For a simple demonstration, here we create dgCMatrix
objects based on \(X\). First we create
a sparse matrix sparseX by imposing 0 on 95% of the entries of \(X\).
sparseX <- simulPU$X
sparseX[sample(1:length(simulPU$X),size = length(simulPU$X)*0.95)]<-0
sparseX<-Matrix(sparseX)
class(sparseX)
#> [1] "dgCMatrix"
#> attr(,"package")
#> [1] "Matrix"
Those input matrices can be used in the same way. For example,
(spfit<-grpPUlasso(sparseX,simulPU$z,simulPU$truePY1))
#>
#> Call: grpPUlasso(X = sparseX, z = simulPU$z, py1 = simulPU$truePY1)
#>
#> Optimization Method: "CD"
#>
#> Max nIters: 1000
newx = matrix(rnorm(10),2,5)
predict(spfit,newdata = newx,lambda = spfit$lambda[10])
#> [,1]
#> [1,] 0.4705057
#> [2,] 0.5020064
By default, PUlasso uses a block-coordinate descent algorithm to solve optimization problem \(\ref{objFunc}\). However, it provides other optimization options such as proximal full gradient descent(GD), stochastic gradient descent(SGD), and variants of SGD including stochastic variance-reduced gradient(SVRG) and stochastic average gradient(SAG).

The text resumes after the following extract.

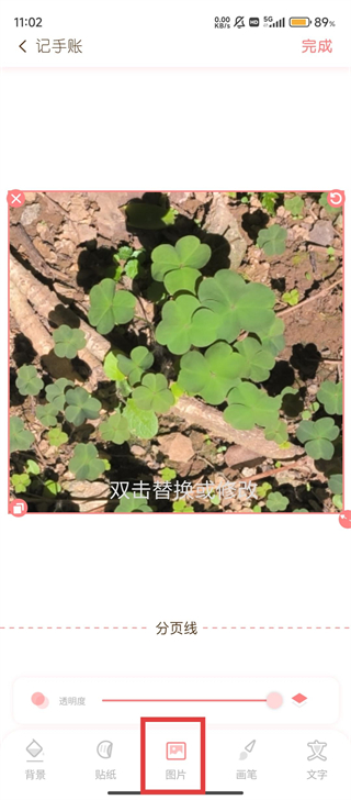 2、进入记手账界面,点击【图片】功能添加图片,双击图片可进行替换或修改,让手账更生动哦。

For example, using SVRG method, we fit,
(fit.SVRG = grpPUlasso(X=simulPU$X,z=simulPU$z,py1=simulPU$truePY1,method="SVRG",eps = 1e-6,lambda =fit$lambda[2]))
#>
#> Call: grpPUlasso(X = simulPU$X, z = simulPU$z, py1 = simulPU$truePY1, lambda = fit$lambda[2], eps = 1e-06, method = "SVRG")
#>
#> Optimization Method: "SVRG"
#>
#> Max nIters: 20000
By default, PUlasso does 10*number of observations iterations. The algorithm terminates early if the difference of current parameter value from the previous one is less than the eps.